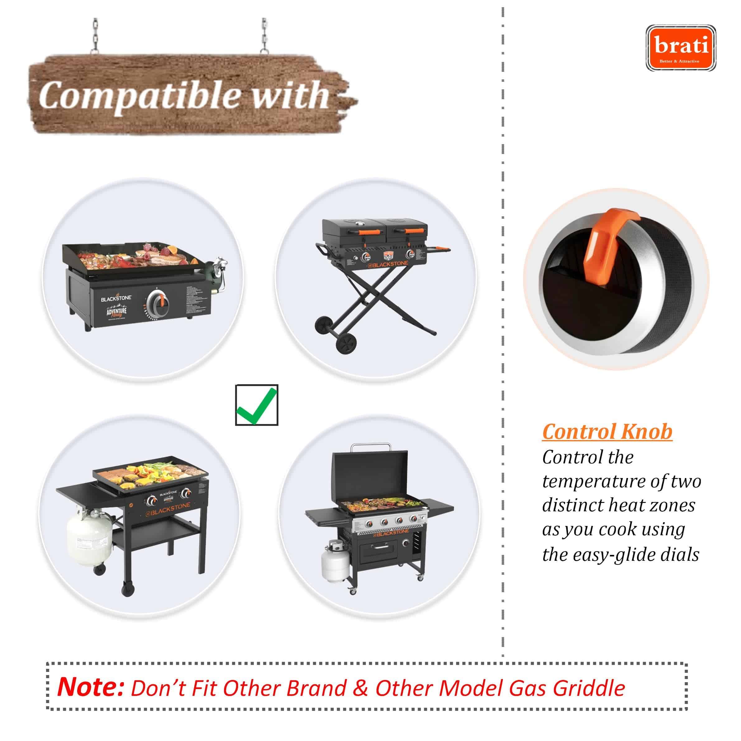 2. Compatible con: la mayoría de las Planchas de Gas de Superficie Plana Blackstone de 17 in/22 in/28 in/36 in, No es para Plancha Eléctrica.
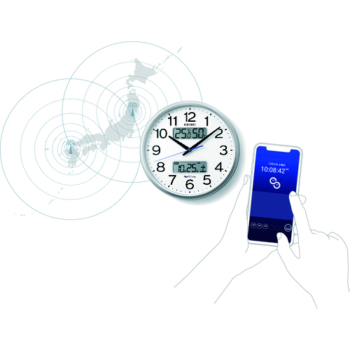 ●標準電波またはスマホアプリから時刻を受信できるハイブリッド電波時計です。
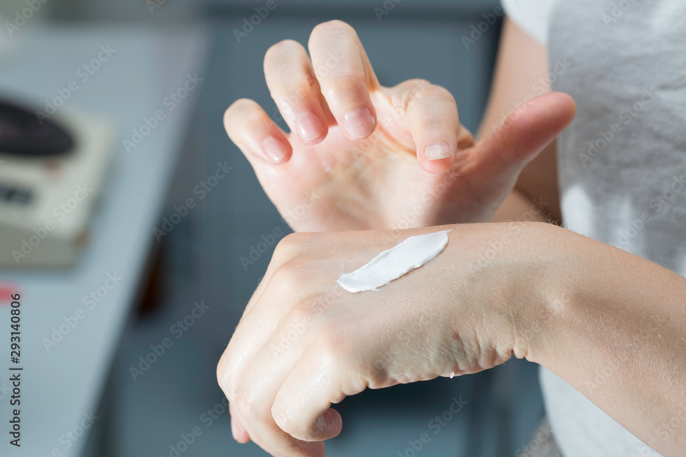An extreme close up view on the hands of a slim caucasian woman using her fingers to apply a rich moisturizer into the skin, health and beauty concept.
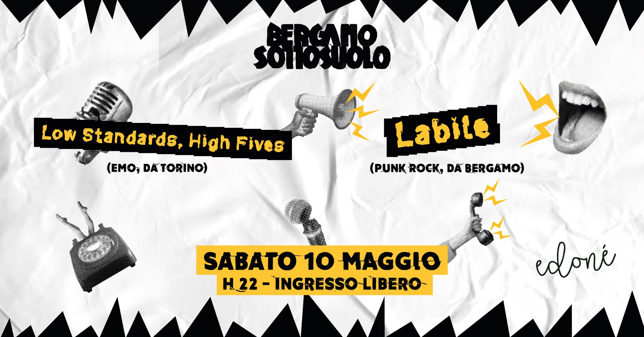 Chiudiamo la stagione in saletta con due band dal cuore enorme e dai pezzi travolgenti. Arrivano i Low Standards e gli High Fives direttamente da Torino e i Labile, band local.
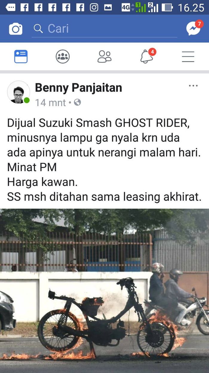 Ternyata foto yang dishare Benny sebuah motor yang terbakar hingga hangus.
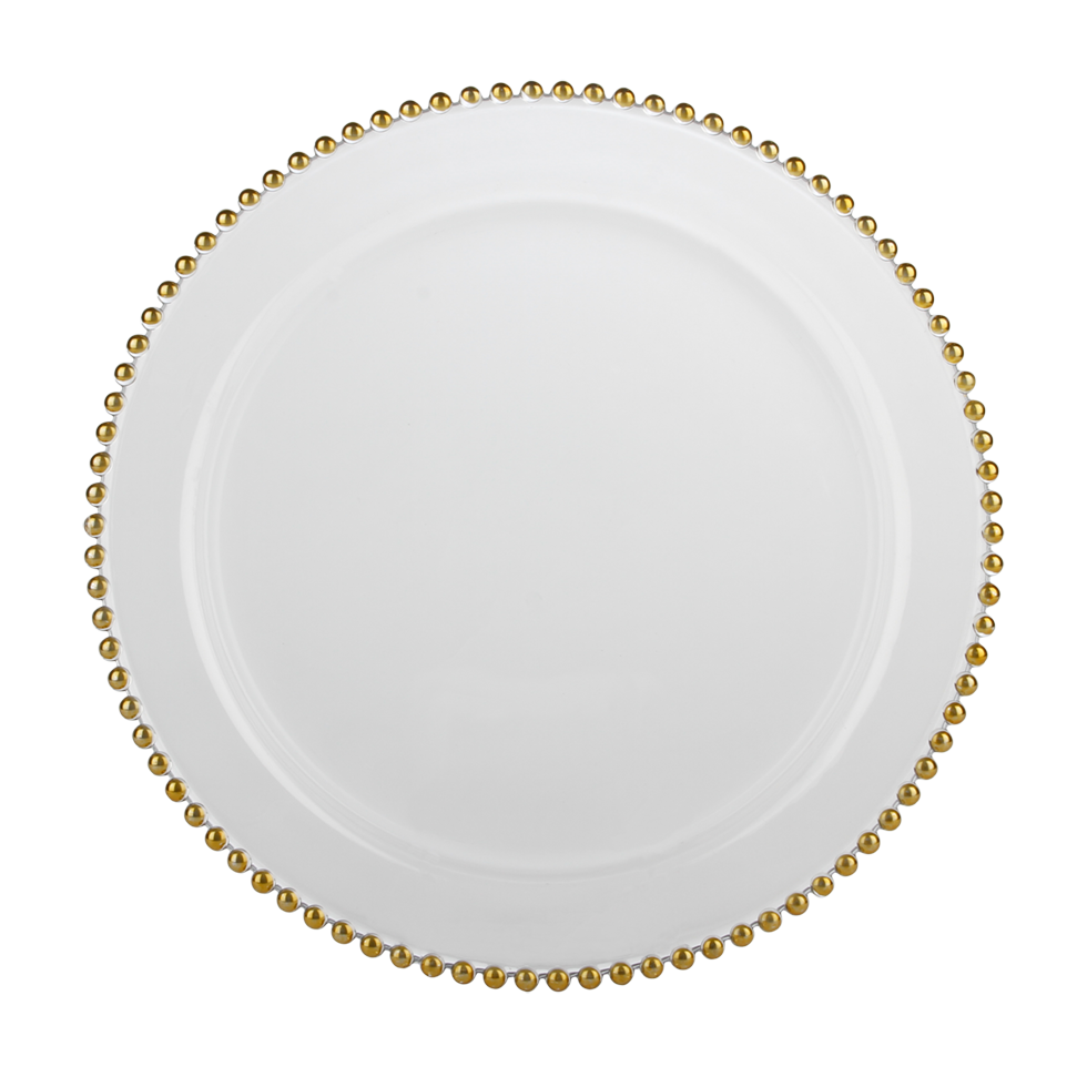 Delicate gold beading along the rim makes this clear glass charger plate a glamorous, glimmering accent for any table.
* * * * * * * * *
## Description of the task
Give again, word for word, only the lines from the one with "Chiudiamo la stagione" through the last line of the entries, both included; no pictures go in the copy.

## Task result
 Chiudiamo la stagione in saletta con due band dal cuore enorme e dai pezzi travolgenti. Arrivano i Low Standards e gli High Fives direttamente da Torino e i Labile, band local.
 Ternyata foto yang dishare Benny sebuah motor yang terbakar hingga hangus.
 Delicate gold beading along the rim makes this clear glass charger plate a glamorous, glimmering accent for any table.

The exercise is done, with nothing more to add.